The input:
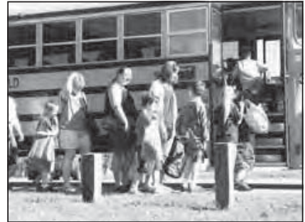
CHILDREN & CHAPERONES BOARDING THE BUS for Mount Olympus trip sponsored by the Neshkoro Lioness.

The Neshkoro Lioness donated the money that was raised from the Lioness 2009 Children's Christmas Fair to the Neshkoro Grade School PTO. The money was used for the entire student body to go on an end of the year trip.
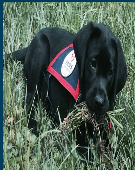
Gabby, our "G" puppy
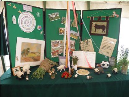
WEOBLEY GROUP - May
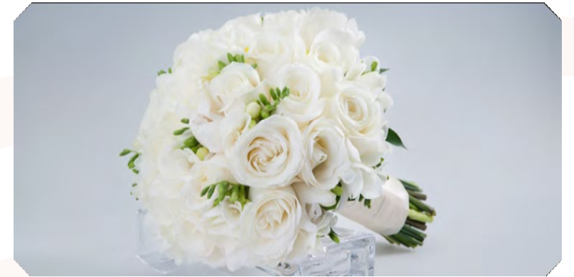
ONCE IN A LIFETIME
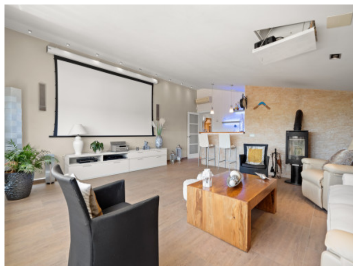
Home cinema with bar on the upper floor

---

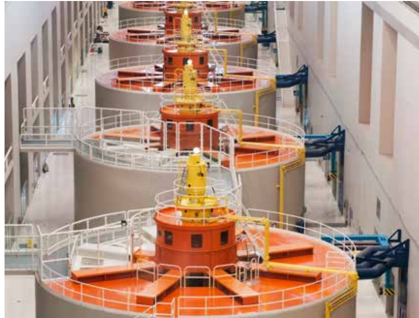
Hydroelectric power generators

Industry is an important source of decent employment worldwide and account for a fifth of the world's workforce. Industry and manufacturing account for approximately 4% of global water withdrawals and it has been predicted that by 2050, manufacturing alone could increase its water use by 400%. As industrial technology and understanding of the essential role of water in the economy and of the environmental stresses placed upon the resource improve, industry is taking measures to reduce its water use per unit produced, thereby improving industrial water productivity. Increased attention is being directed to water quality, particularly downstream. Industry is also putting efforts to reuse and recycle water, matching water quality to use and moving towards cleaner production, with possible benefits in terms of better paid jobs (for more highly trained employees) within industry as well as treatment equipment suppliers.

Problem requirements: For this exercise, set down the lines in the entries above from the one with "ONCE IN A LIFETIME" through the one with "Home cinema with bar on the upper floor" exactly as written, without any pictures.

Answer box:
ONCE IN A LIFETIME
Home cinema with bar on the upper floor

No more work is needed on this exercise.